No one likes to be thrown into the middle of something. How could I be calm? Somehow, I knew I had to be. Psychotherapy was serious to me, and I found myself where I didn’t belong. Something important was happening, inside both of these human beings seated across from each other. There was nothing calm in what I imagined was happening between these two bodies and minds. Tension wasn’t the right word. Word wasn’t the right word. One of the two minds was trying to get rid of what was overwhelming it. Or maybe both of them were. The destination of these unwanted mental contents was a few feet away: the psychoanalytic psychotherapist who was listening to him. In my own mind, I became the therapist and the recipient of these unconscious communications. I wanted to speak. What could I possibly say, to either one? I didn’t want these images and words in my head. Was this all a dream? Maybe I was asleep, in a metaphorical way. Maybe my imagination, my unconscious, was informing me about what was happening in my own mind. I was in the middle of something: my own inner confusion. These words helped. I felt as if I were recording last night’s dream on paper. The rest of the day awaited me.
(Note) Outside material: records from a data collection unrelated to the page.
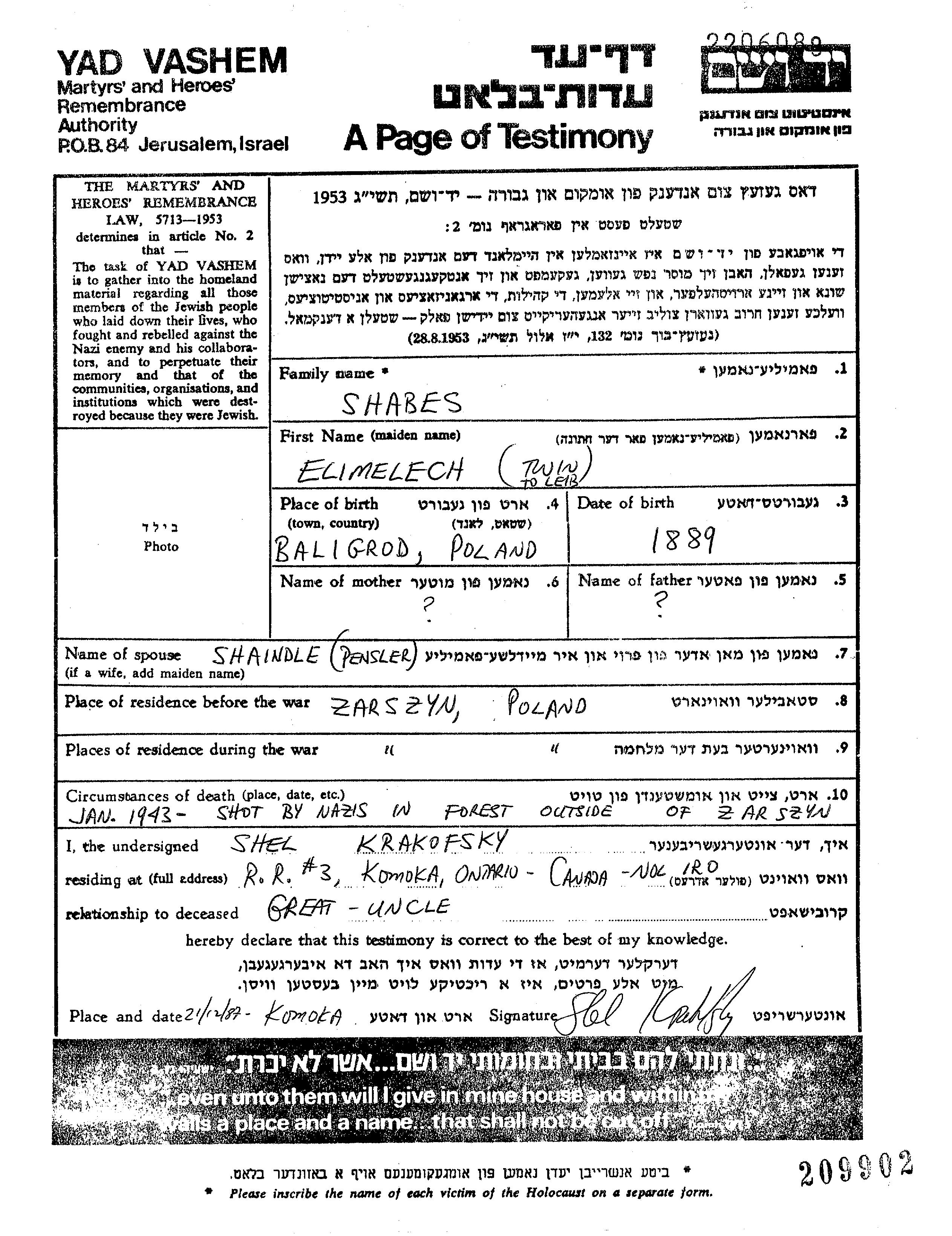 Элимелех Шабес Шевес, место рождения: Балигруд, Польша. Женат / замужем. Место жительства до войны: Заршин, Польша. Место во время войны: Заршин, Польша.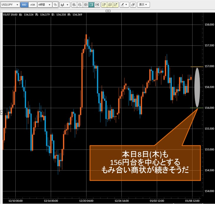米ドル/円は本日8日(木)も156円台を中心とするもみ合い商状が続きそうだ。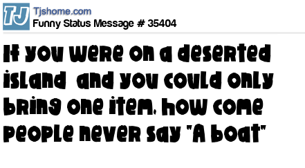 - # 23893 When asked "What would you bring with you to a deserted island", how come no one ever replies, "A boat."?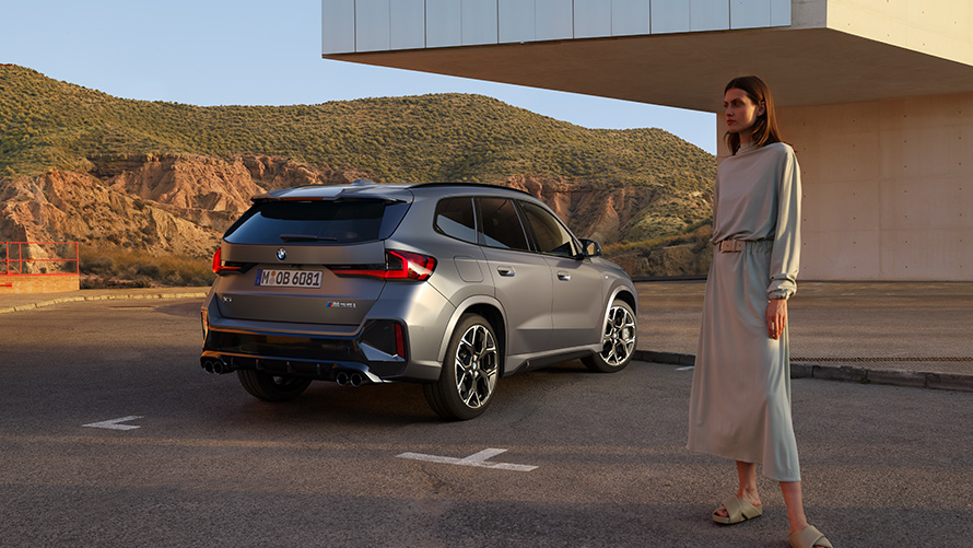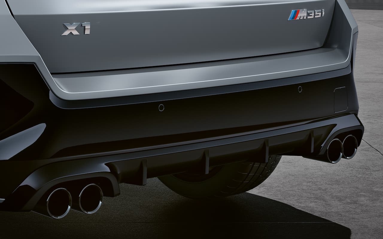 Les feux arrière étroits accentuent la poupe de manière élégante et moderne. Sa forme en L souligne la voie large de la Nouvelle BMW X1 M35i xDrive.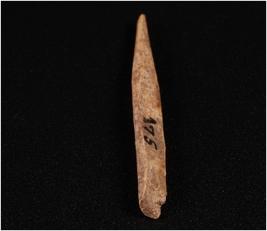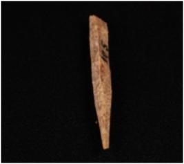 | Description / विवरण | A bone point with pointed end light brown, uneven surface, one and is broken and square cross section. |
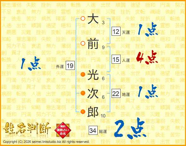 大前光次郎さんの総運は34画の2点!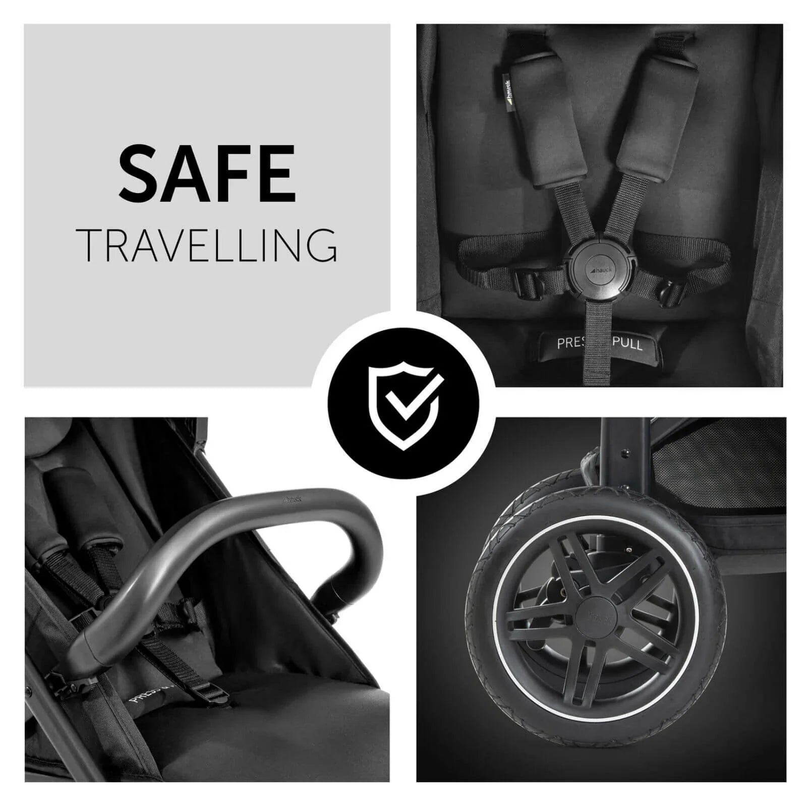 Hauck Rapid 4D Pushchair - Black is a very stylish companion that comes with high-quality functions, as well as a modern, curved frame. As an all-around pushchair with large, puncture- resistant all-terrain wheels that absorb bumps, it can be used both in the city and the country. The swivelling front wheels make changes of direction easy and can be locked on uneven terrain.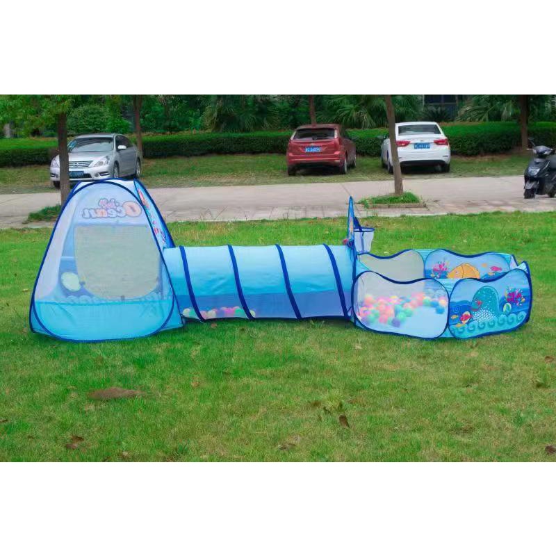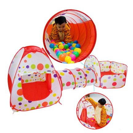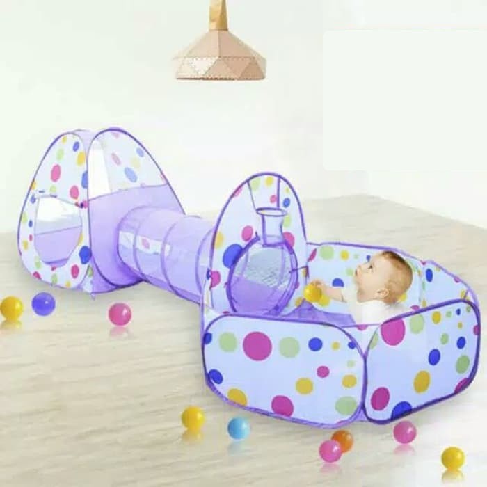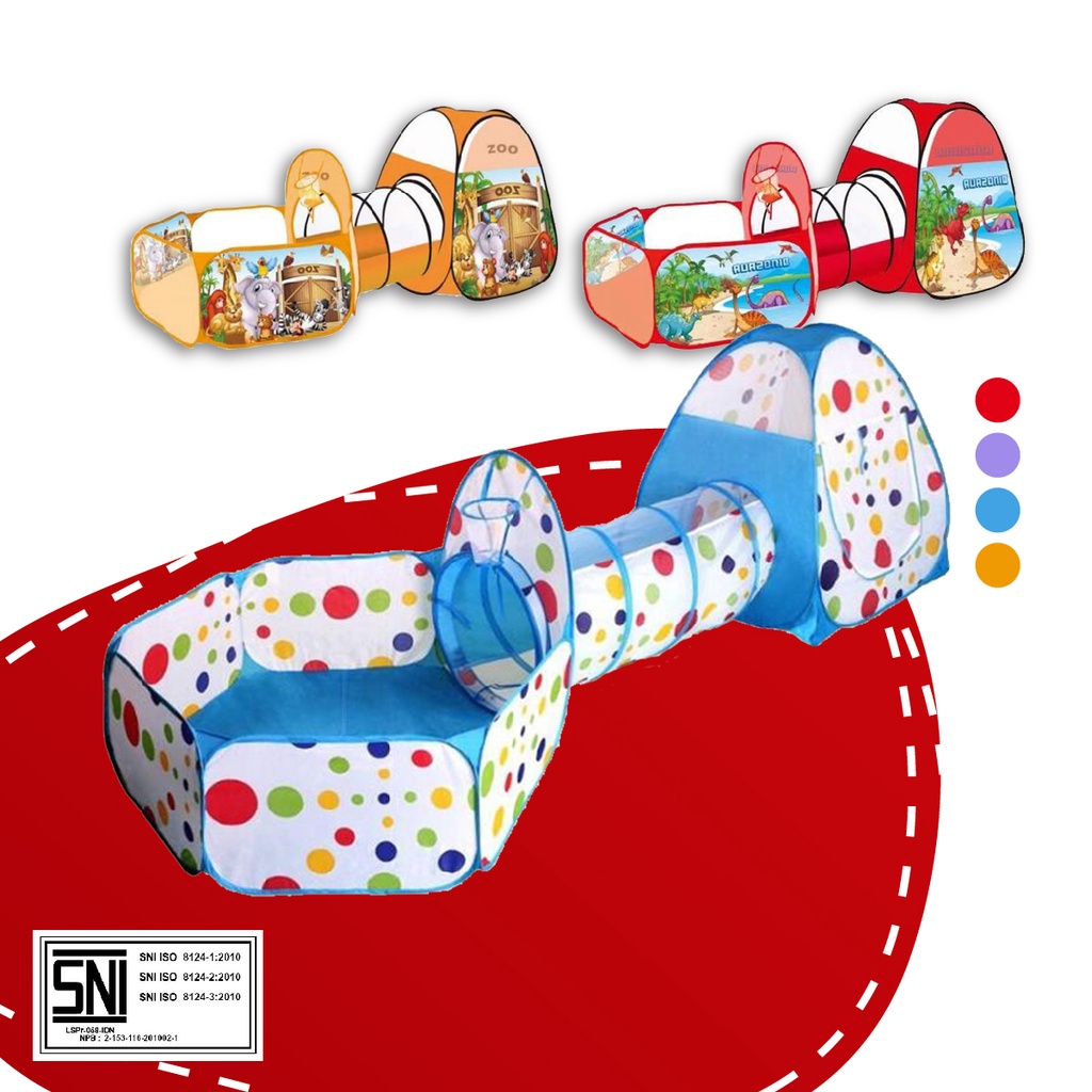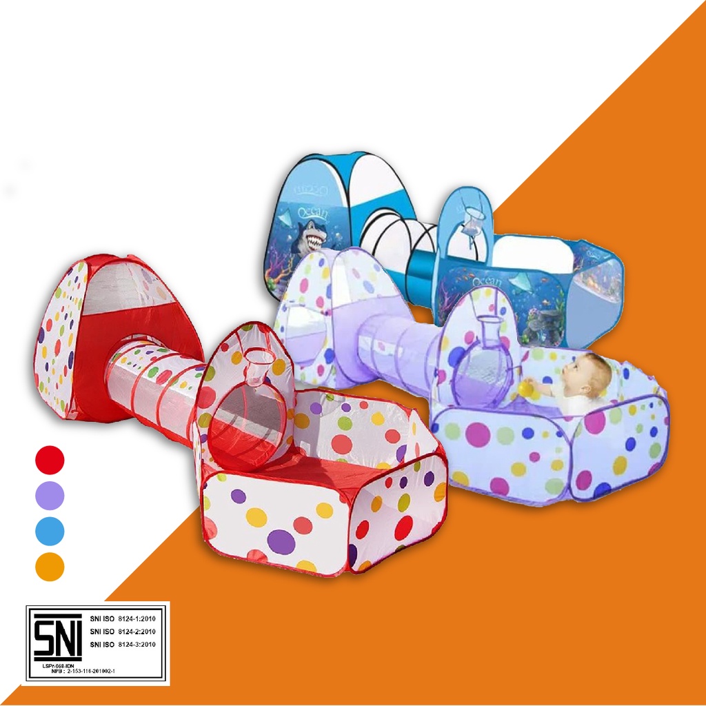 Mainan Tenda Anak Terowongan 4 in 1 + Kolam + Ring Basket Mainan Keranjang Mandi Bola Anak Stockami M6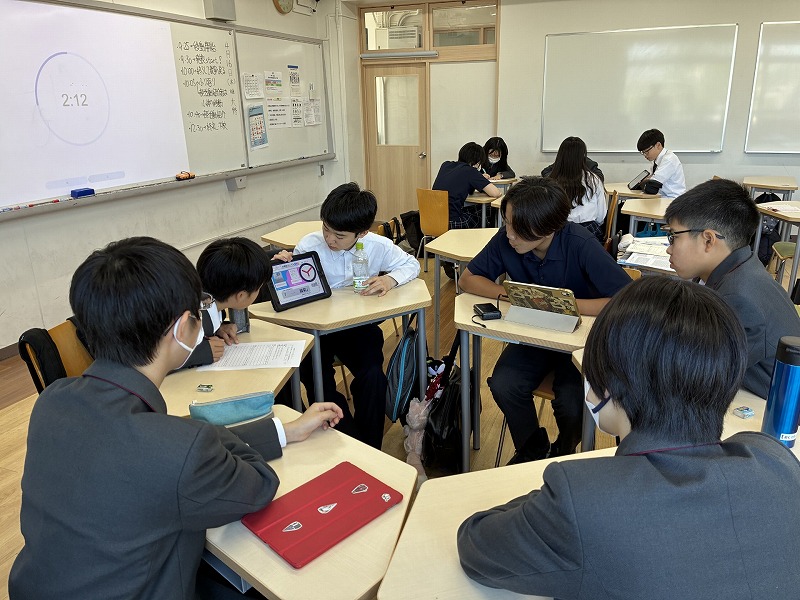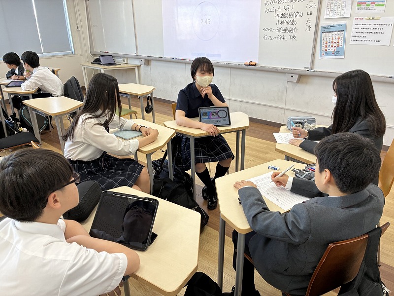 中学校の特色あるプログラムの一つ、クロスカリキュラム。今回は在校生が取り組んで来たクロスカリキュラムとはどんなものなのか?どういうことをしているのか?など、具体的な取り組みをプレゼンしてもらい、新入生がポイントをメモして今後に生かす時間を過ごしました。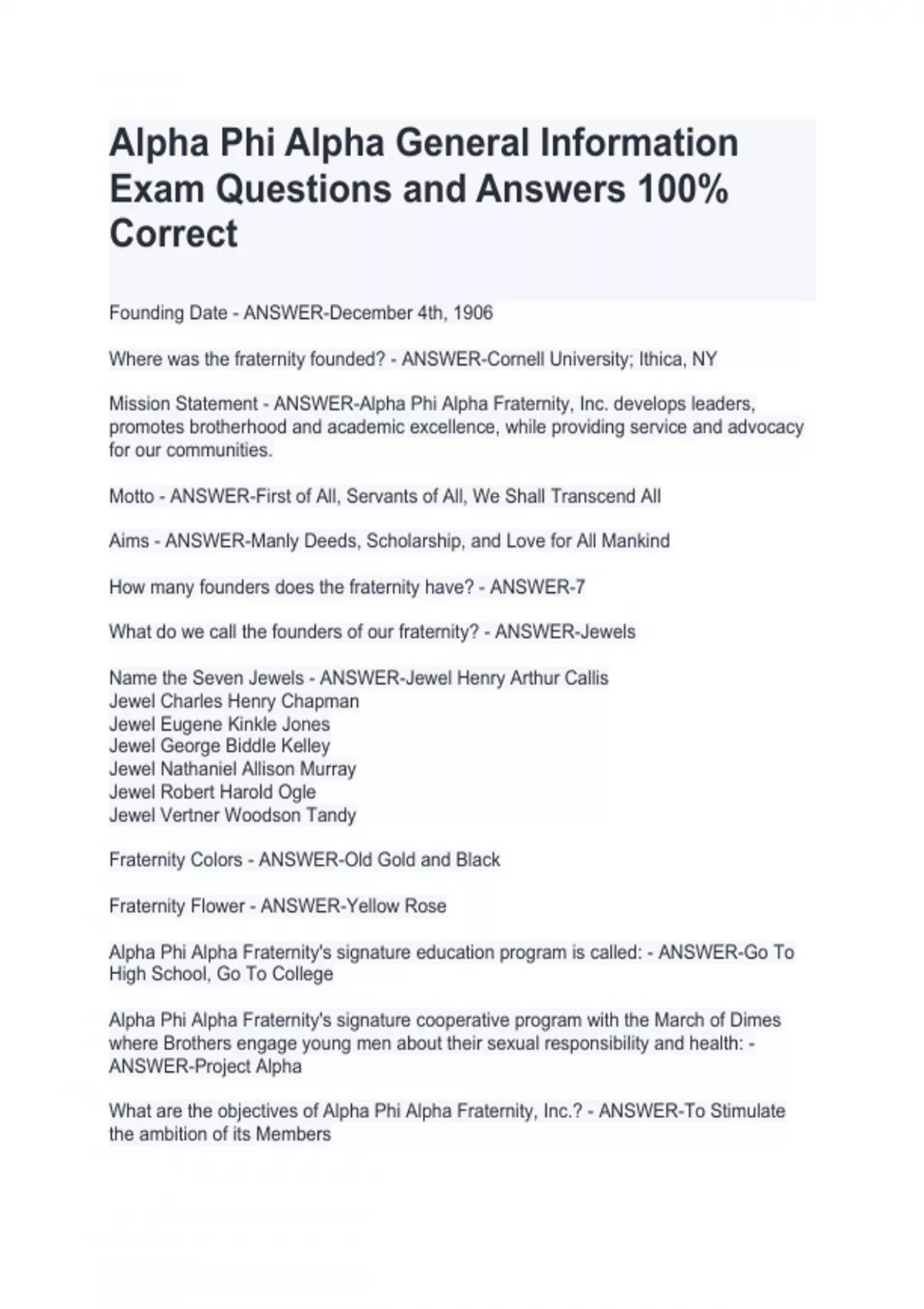 Alpha Phi Alpha General Information Exam Questions and Answers 100% Correct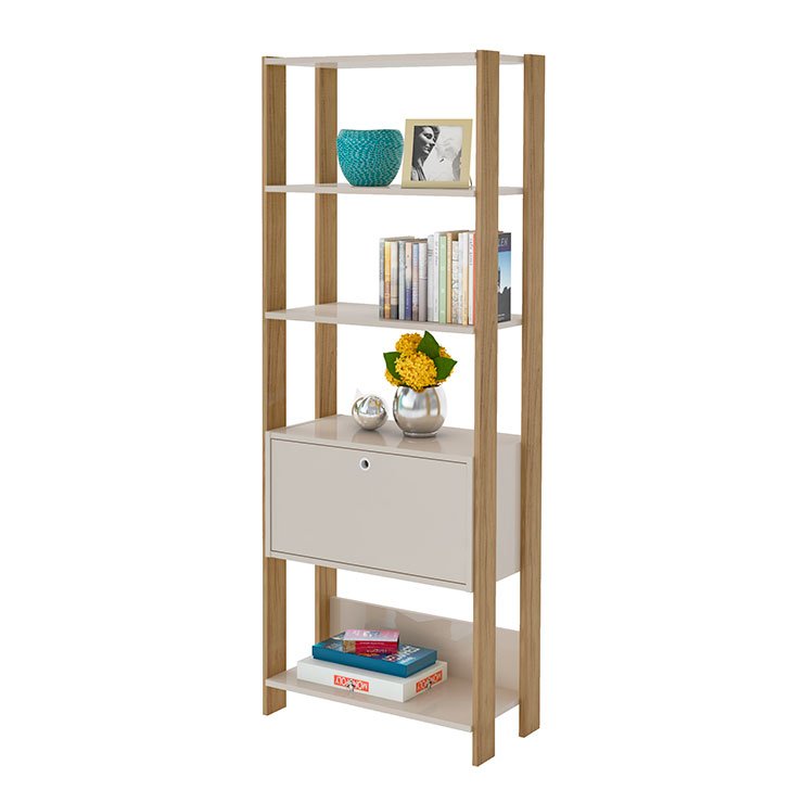 Estante para Livros Match 1 Porta 3 Prateleiras Off White/Carvalho - Artely

I was in two places at once. There wasn’t much to observe, or was there? In the waiting area, a man in his forties fidgeted in the chair and glanced at the two or three people who walked by him. Then he opened the black hardcover journal he held in both hands. His mind was open to me. I could feel what his body felt. Suddenly, as if the same second weren’t finished yet, I was also in the room where the fidgeting man was headed. Another man, probably in his fifties, sat in a chair that faced another chair, which for the moment was vacant. Something told me that he wasn’t alone only physically. The turbulence I sensed in his mind suggested that he was also isolated within himself. What did I mean by that? Several feet away, at his desk, papers and books were scattered across its surface. What kind of mental confusion was this, I wondered. Without warning, once again I realized that I was inside two minds simultaneously. Both men were grappling with troubling dream images. Not realizing what I was doing, I compared the dream images of the two men, and I couldn’t avoid seeing the obvious: they’d had the same dream. What would happen when these two confused minds came together? I wouldn’t have to wait long to find out: the psychotherapist stood up, organized the papers and books on his desk, and opened his office door. Dream and reality would now meet.